The agent keeps asking to authenticate

If the authenticate_muster tool keeps reappearing, or your assistant loops on login, the session has expired or the token can’t be refreshed.

  • Run muster auth login in a terminal, then restart the MCP server in your IDE.
  • Check muster auth status. If the aggregator shows as authenticated but a downstream server shows Auth Required, that server needs its own login or its single sign-on is set up incorrectly.
  • For a forwarding server, confirm the downstream trusts Muster’s client and the requiredAudiences match what the server expects. A token without the right audience is rejected, which looks like an endless re-auth.

A cluster shows as disconnected

In muster auth status, a single cluster reporting Disconnected or Failed while others are fine usually means that cluster’s mcp-kubernetes is unreachable, not a Muster problem.

  • Check the MCPServer state: kubectl get mcpservers -n muster. A Failed state means the endpoint is unreachable. Verify the URL, DNS, and any network policy between Muster and that cluster.
  • Auth Required isn’t a failure: it’s the normal state for a protected server until a user logs in.
  • Other clusters keep working independently, so users can still operate the rest of the fleet while you fix the one.

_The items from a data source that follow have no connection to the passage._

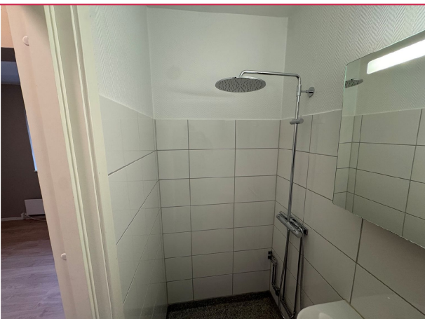
Bad har ikke varmekabler i gulv.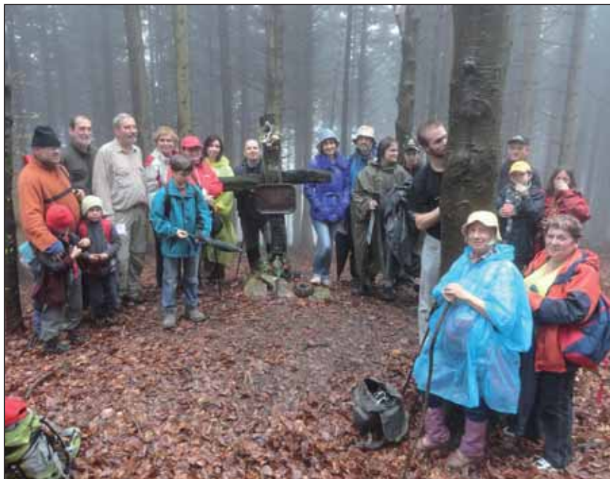
Ani déšť nepřekazil výstup ke kříži s převýšením více než 500 m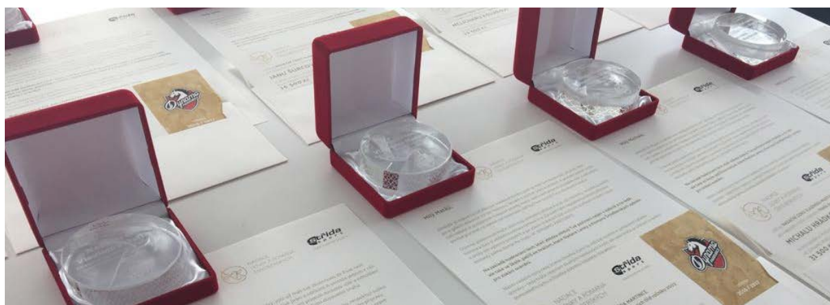
Nadační cena VM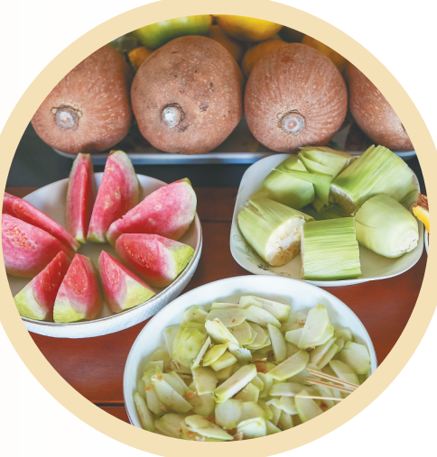
位于琼海大路镇的海南盛大现代农业开发有限公司热带水果优良品种引进与示范基地,培育了多种热带水果新品种。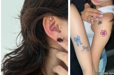
【耳つぼジュエリー・ボディジュエリー】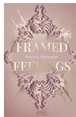
Framed Feelings (Golden Hearts, Band 1)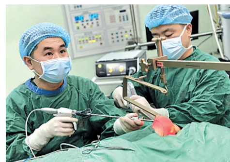
精心手术

近日，市人民医院乳腺甲状腺外科团队在麻醉手术科等多科协同努力下，成功开展了我市首例经腋窝入路腹腔镜甲状腺切除术。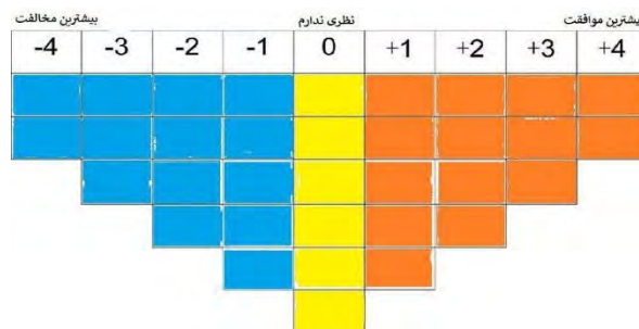
شکل ۱. جدول ۳۴ عاملی کیو

Tools are missing from the agent

If expected tools don’t appear in the agent’s discovery results:

  1. Confirm the user is authenticated to the server those tools come from. Per-user visibility means a server a user hasn’t authenticated with contributes no tools to their list, even though it’s healthy.
  2. Check the server’s state is Connected or Running and that autoStart is set if it should always be available.
  3. Remember discovery is dynamic—no IDE restart is needed. If a server only just started, the agent’s next list_tools or filter_tools call reflects it.

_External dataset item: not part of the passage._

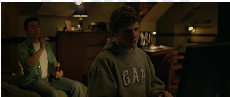
Gambar 2.2. Stills film The Social Network (2011) karya David Fincher

Cioni (dikutip dalam Restuccio, 2014) menyatakan bahwa, penggunaan teknik digital reframing dalam proses penyuntingan profesional industri film, tercatat sudah cukup sering diterapkan dalam tradisi kerja pascaproduksi industri. Contoh sutradara yang sering menggunakan teknik ini adalah David Fincher, dalam beberapa film buatannya, seperti The Social Network (2010), The Girl with the Dragon Tattoo (2011), hingga Gone Girl (2014), Fincher kerap menggunakan jasa Light Iron sebagai perusahaan pascaproduksi untuk menangani film-film buatannya. Light Iron menyatakan bahwa sejak The Social Network (2010), David Fincher memungkinkan tim penyuntingan untuk melakukan reframing , pemotongan frame dan stabilization dengan menggunakan resolusi tinggi saat shooting film, sehingga tim pascaproduksi dapat melakukan reframing dan stabilisasi dengan piksel yang cukup tanpa menurunkan kualitas gambar.

A workflow runs manually but the agent never uses it

This is the most common workflow-authoring trap, and it’s about discoverability, not correctness. The workflow is live: kubectl get workflow shows it valid, and you can call it by name. But the agent falls back to raw tools.

The cause is almost always the description. An agent finds a workflow through filter_tools, whose description filter is a case-insensitive substring match over spec.description. If the agent searches for pod health and the description only says check the pods in <mc>, there’s no substring match, and the workflow is invisible to that search.

Fix it by leading spec.description with both the topic keyword and the natural phrasing. See authoring workflows for the full rule.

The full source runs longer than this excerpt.